2022-04-07 Thread Richmond via use-livecode

Here's my 25p's worth:

Ever since widgets 'appeared' I have thought of them as second class 
citizens insofar as:


1. They are 'bits of stuff' where experts (the LiveCode team and so on) 
have done the heavy lifting
for those of us who haven't got the skill, motivation or time to work 
out how to get that sort of thing together

in LiveCode itself.

2. I certainly never get into widgets when I teach computer programming 
for a number of reasons:


2.1. While I teach children to program with LiveCode, the ultimate aim 
is to equip them with a series
of transferrable skills they can take 'to the table' of any programming 
language: the ability to drop in
a prepackaged 'does-it-for-you' add-on (one of the things that sets my 
teeth on edge about Python)

does not, as far as I am concerned, constitute computer programming as such.

Of course people might start shouting at me, at this point, and say, 
"Well then, why don't you go back to command-line
programming?", to which my riposte is, "That's why I START my 
programming with teenagers (it's a bit too much for
preteens) with BASIC programming on my BBC Micro machines I have 
lovingly curated in my school."


After a day or two with BBC BASIC on a black screen teenagers will "do 
anything for me" when they see the, supposedly,

old-fashioned LiveCode IDE and the ever-so-sexy WYSIWYG GUI.
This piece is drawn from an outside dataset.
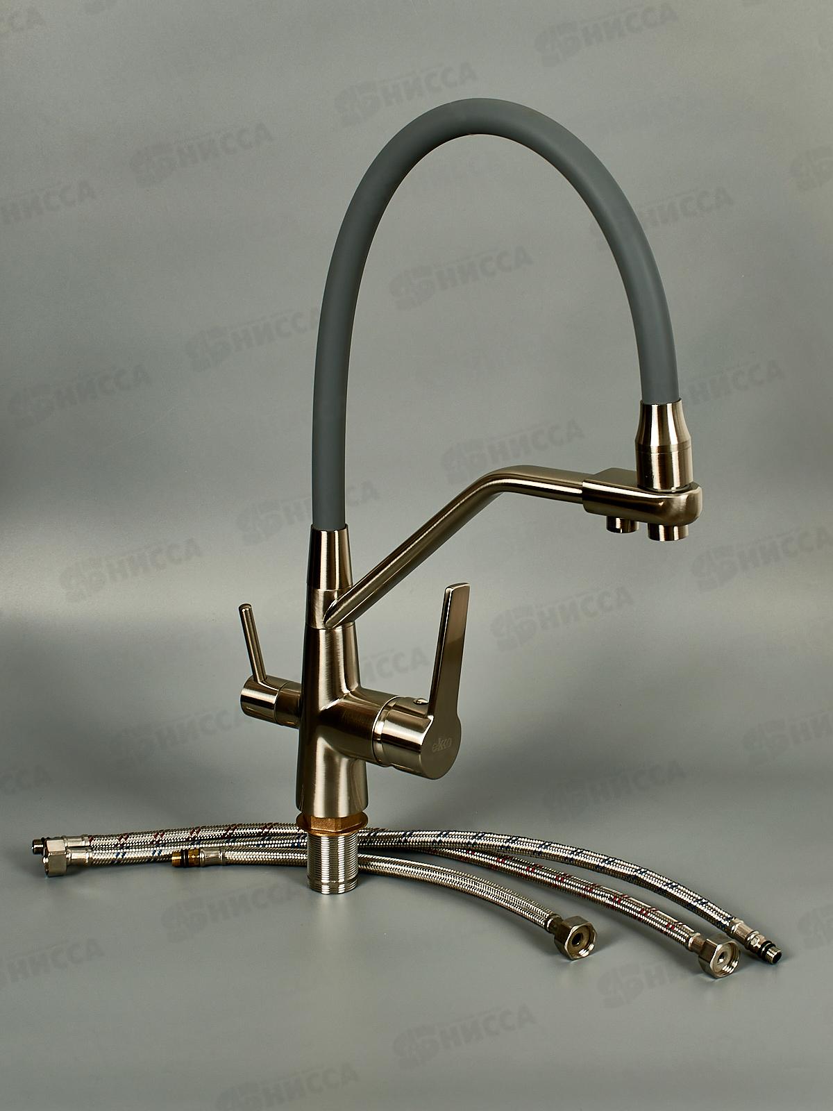 Смеситель д/кухни с подключением питьевой, серый/сатин, EM4460-5

2.2. While a LiveCode button can be examined via its property inspector, 
a widget largely cannot,

so a learner cannot really begin to understand how it is put together.

3. Widgets are, undoubtedly very clever insofar as they provide tools 
and services out of the box, and types
like myself don't have to spend an awful lot of effort working out how 
to roll our own.


4. I suppose the 'price' of a widget is just exactly that one cannot 
really get t its underpinnings (properties)

in quite the way one can withg a native LiveCode object.

Having said all this, I don't use widgets (beyond fooling around with 
them when I have a spare moment),
and on my teaching computers the widgets section of the revTools palette 
is never exposed.


Were widgets to be "integrated" into LiveCode as per buttons, fields, 
images and so forth, with properties
palettes allowing a vast number of variables to be accessible, my 
attitude towards them might change; but that
seems unlikely to happen as they are quite different beasts to buttons, 
fields, images and so on.


Best, Richmond.

On 7.04.22 9:24, Richard Gaskin via use-livecode wrote:

Thank you for your reply, Monte. Comments inline:

Monte Goulding wrote:
>> On 7 Apr 2022, at 11:25 am, Richard Gaskin wrote:
>> Can you help me understand how it's better than "the properties",
>> and why this superior method isn't used for engine controls?
>
> Because the array created by export and used by import contains
> the state of the widget as is saved when saving the stack. The
> content may or may not be the same as the property names exposed
> to user scripts but a widget created with that state should be
> the same as if it were saved in the stack and the stack re-opened.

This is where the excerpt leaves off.